The Manitoba government overhauled the board at its Crown-owned energy utility Monday and gave it a new set of marching orders that includes advancing Indigenous reconciliation.

The NDP government, elected on Oct. 3, replaced all but one board member at Manitoba Hydro.

New members include Ben Graham, a former president and chief executive officer at Manitoba Public Insurance, who will take over as board chair. Other new members include Mike Spence, mayor of the northern town of Churchill, and Jamie Wilson, a vice-president at Red River College Polytechnic.

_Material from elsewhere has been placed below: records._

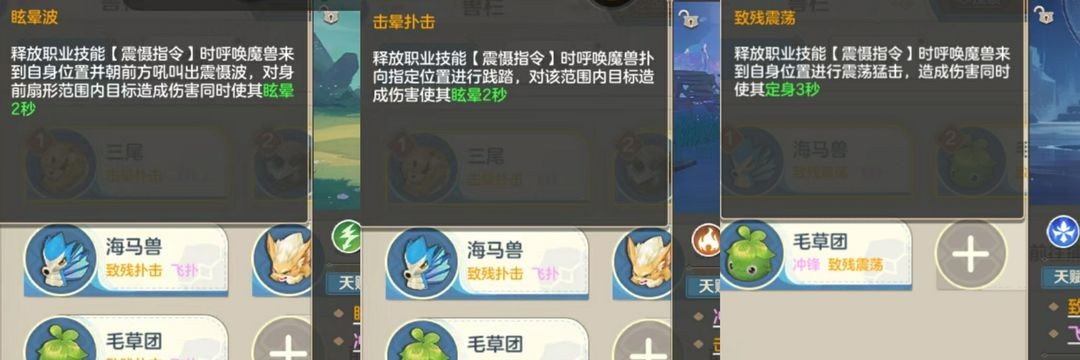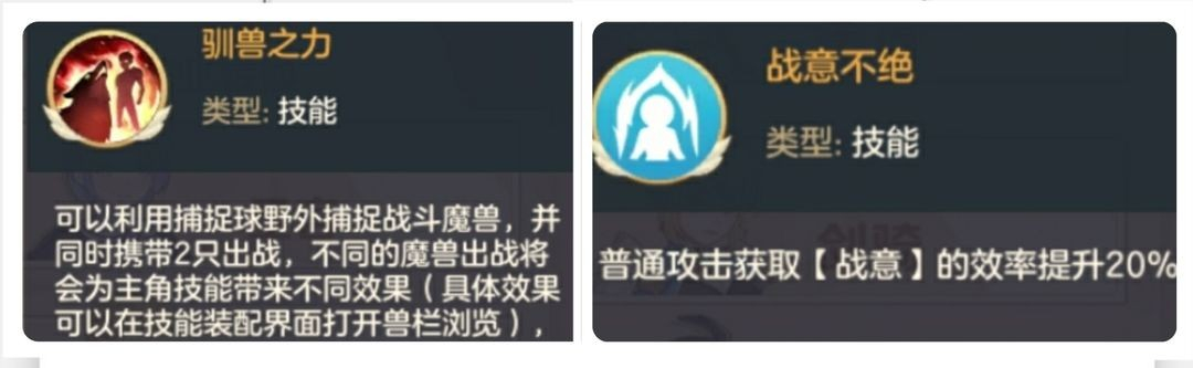 通用被动技能驯兽之力,简单来说就是驯兽师需要捕捉魔兽,最多同时出战两个魔兽,不同的魔兽出战会有不同的技能效果。
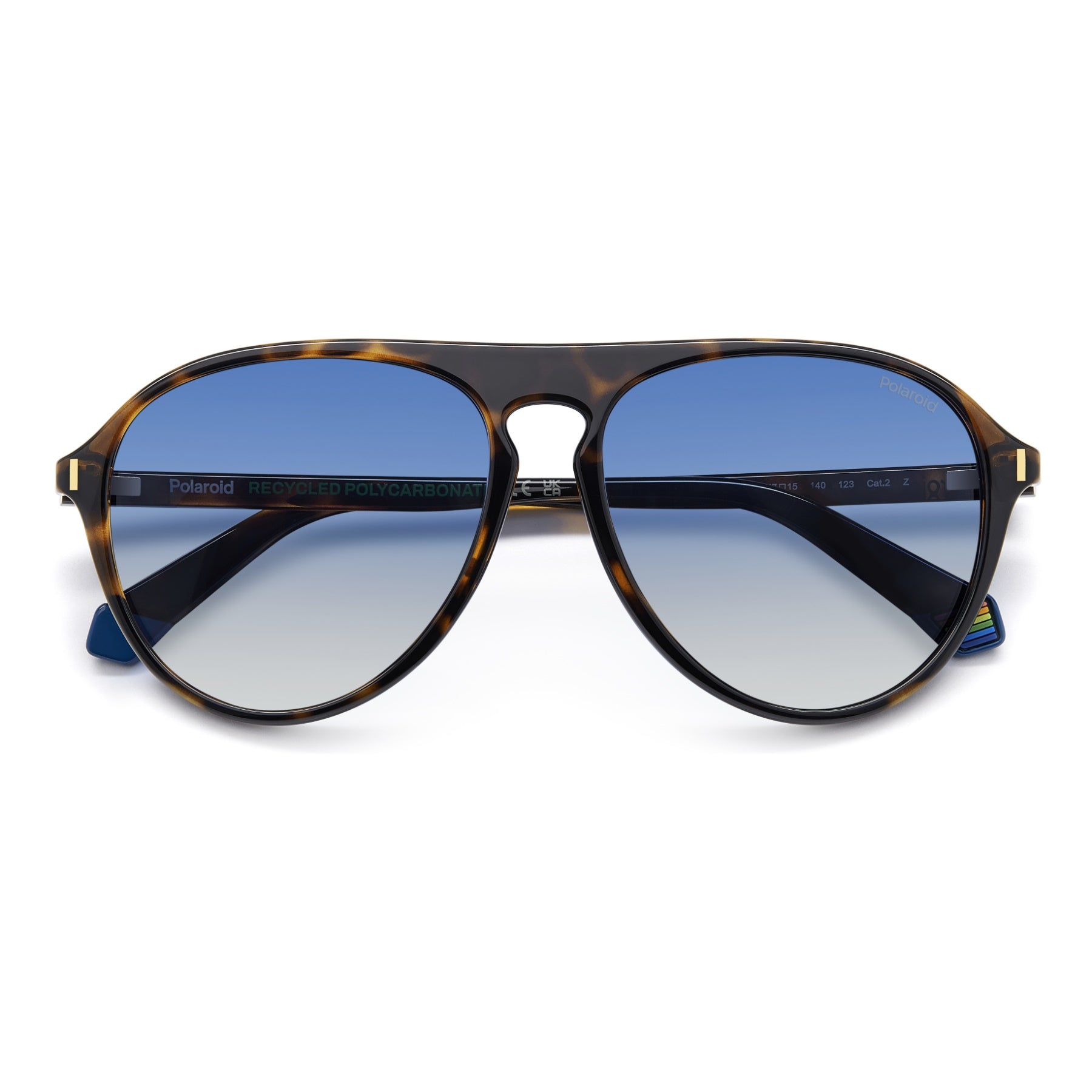 These Polaroid sunglasses for men are a sure bet: their aviator shape is the quintessence of cool. The teardrop shape of the frames is accented by the flat top, keyhole bridge and slender silhouettes. The Polaroid logo printed on the temples, the raised rivet on the front and the rainbow on the inner end tips complete the look. Eco-polycarbonate obtained from renewable raw materials forms the structure of these glasses.
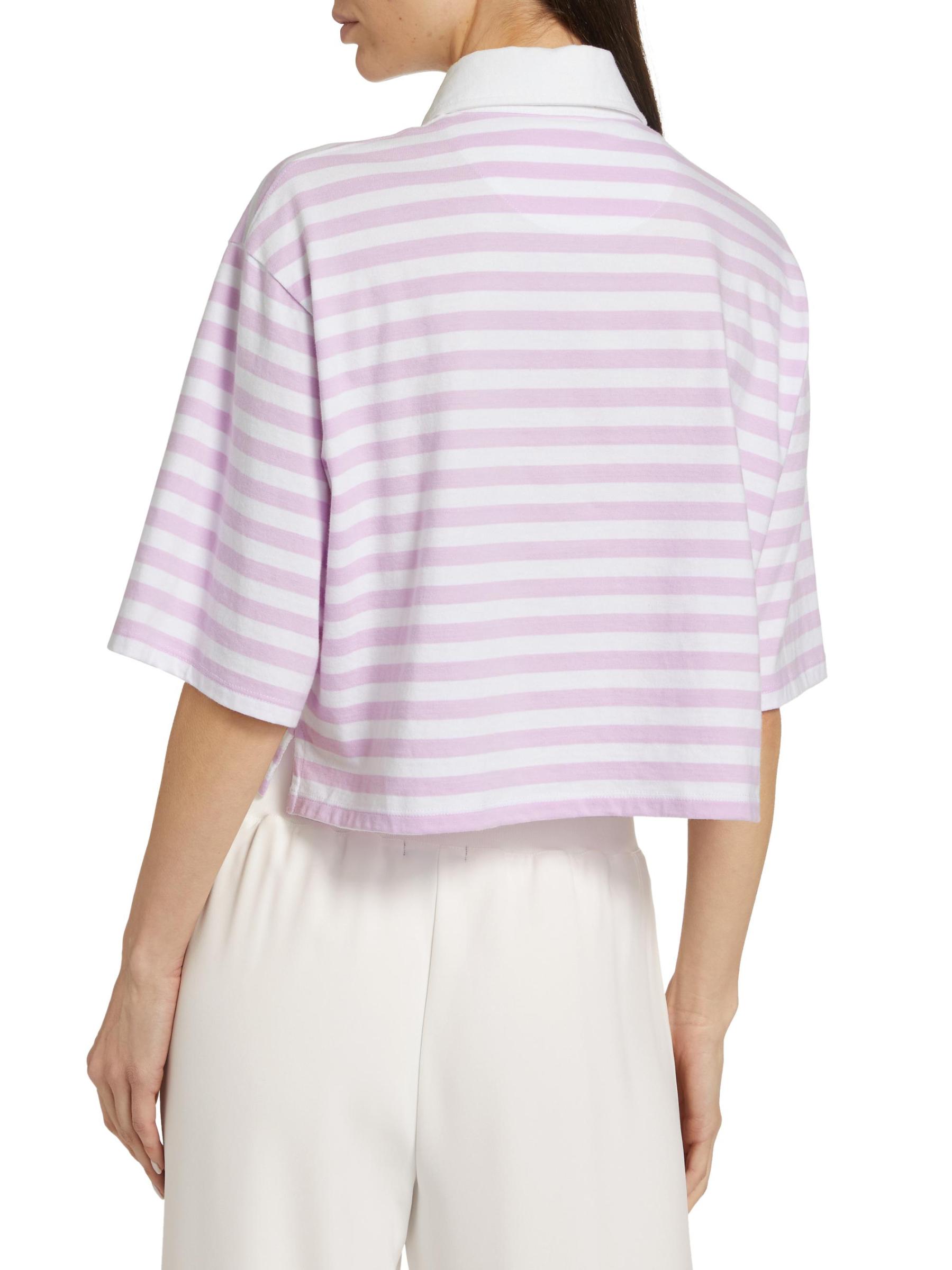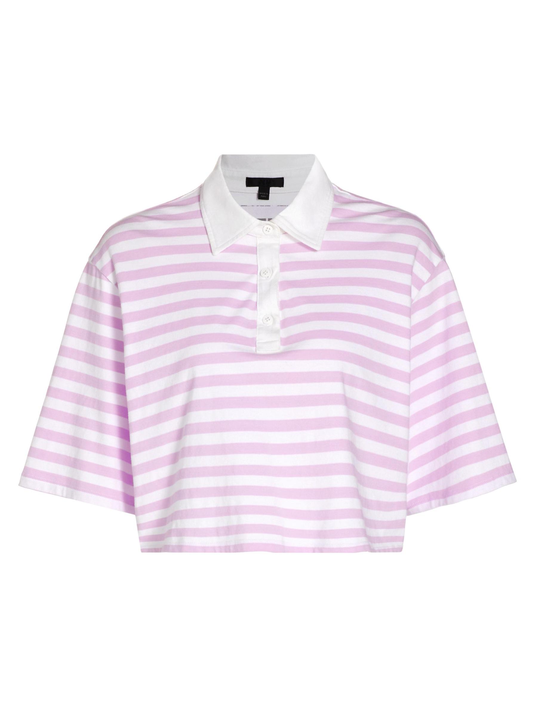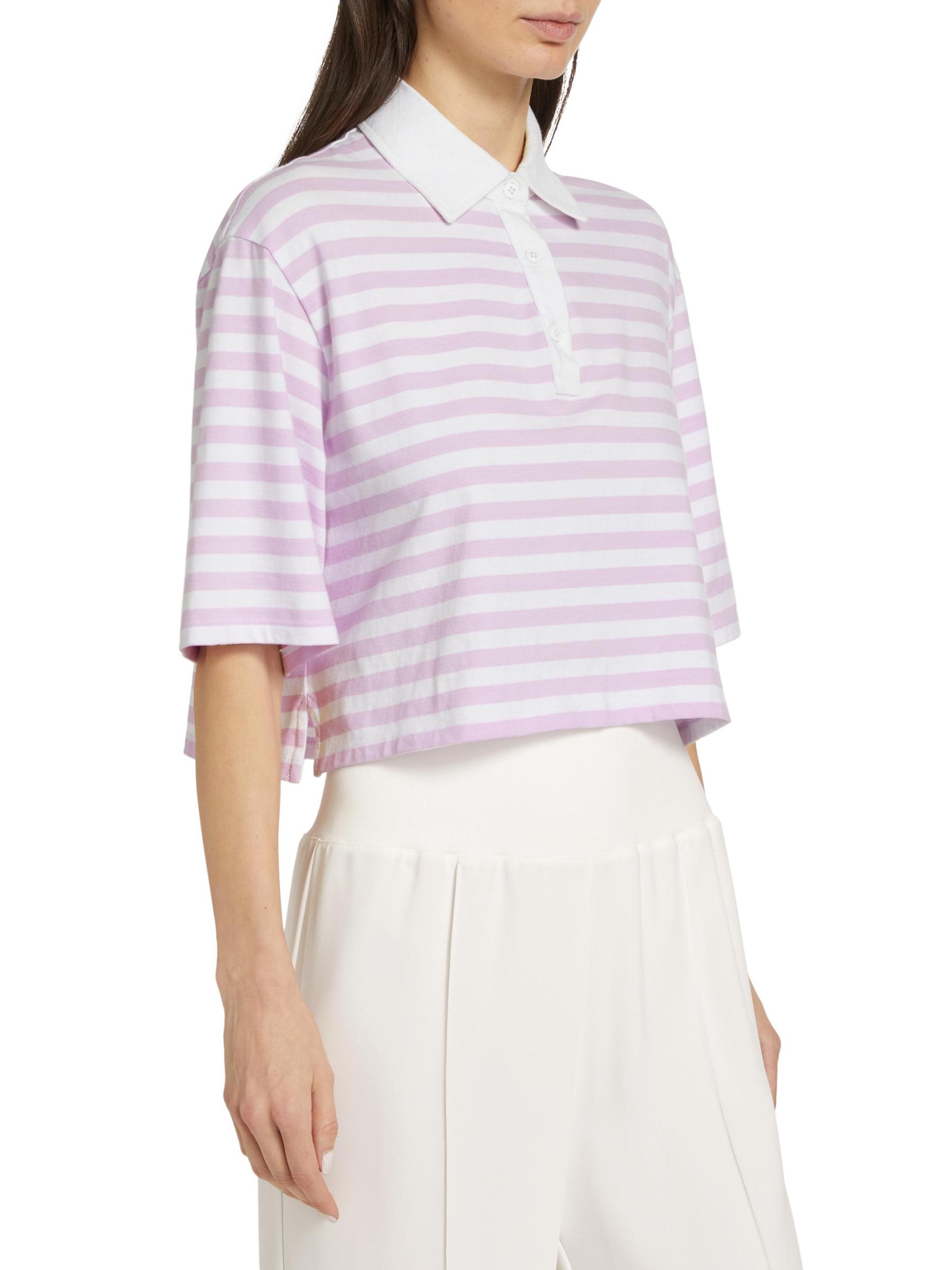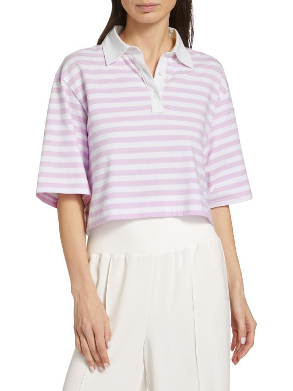 تتميّز بلوزة بولو القصيرة والمصنوعة من ATM Anthony Thomas Melilo بياقة متباينة وفتحة بثلاثة أزرار. تتميز هذه القطعة بنمط مخطط مذهل على ظهر قطني ناعم.

The new board will set "a direction that's focused on keeping rates affordable, growing our low-carbon economy here in Manitoba, and advancing reconciliation," Adrien Sala, the minister responsible for Manitoba Hydro, told reporters.

Sala issued a mandate letter to the board that calls for the establishment of an Indigenous advisory circle. The letter also reiterates earlier NDP promises such as moving to a net-zero energy grid by 2035, and freezing hydroelectric rates for one year at some point in the near future.

The rate freeze, promised during the election campaign, still has no firm date to begin.

"We're still committed to it, and again, as I've said here before, it's just a matter of how and when," Sala said.

Sala is also asking the board to examine options for more low-carbon energy generation and storage, including wind and solar power, and to work collaboratively with Indigenous communities.

"It is the clear expectation of our government that not only will Manitoba Hydro consult with Indigenous communities, but partner with them to advance economic reconciliation so that all Manitobans can benefit from our Crown corporation," the letter states.

The Opposition Progressive Conservatives said they are concerned that some of the new board members had served on the board when the NDP was previously in power -- a time during which cost overruns on major projects inflated the Crown corporation's debt.

"The NDP appears that they're going to be, perhaps, ready to repeat history," Tory hydro critic Grant Jackson said.

The mandate letter contains nothing to address the debt load, Jackson added, at a time when new spending is looming.

"We're talking about hundreds of millions of dollars in spending to shut down the natural gas grid to meet their net-zero-by-2035 commitment."

Most of Manitoba's electricity is generated by clean hydro power, but a small amount continues to come from natural gas.

The mandate letter also does not mention a campaign promise by the NDP to forbid Manitoba Hydro from charging different rates at different times of the day. The idea was mentioned as a possibility in the summer by former board chair Edward Kennedy, who said it could be a way to encourage people to use electricity more at off-peak hours.

Sala's staff said the NDP remains committed to banning the idea.

The overhaul at Manitoba Hydro follows a similar changing of the board at Crown-owned Manitoba Public Insurance in October.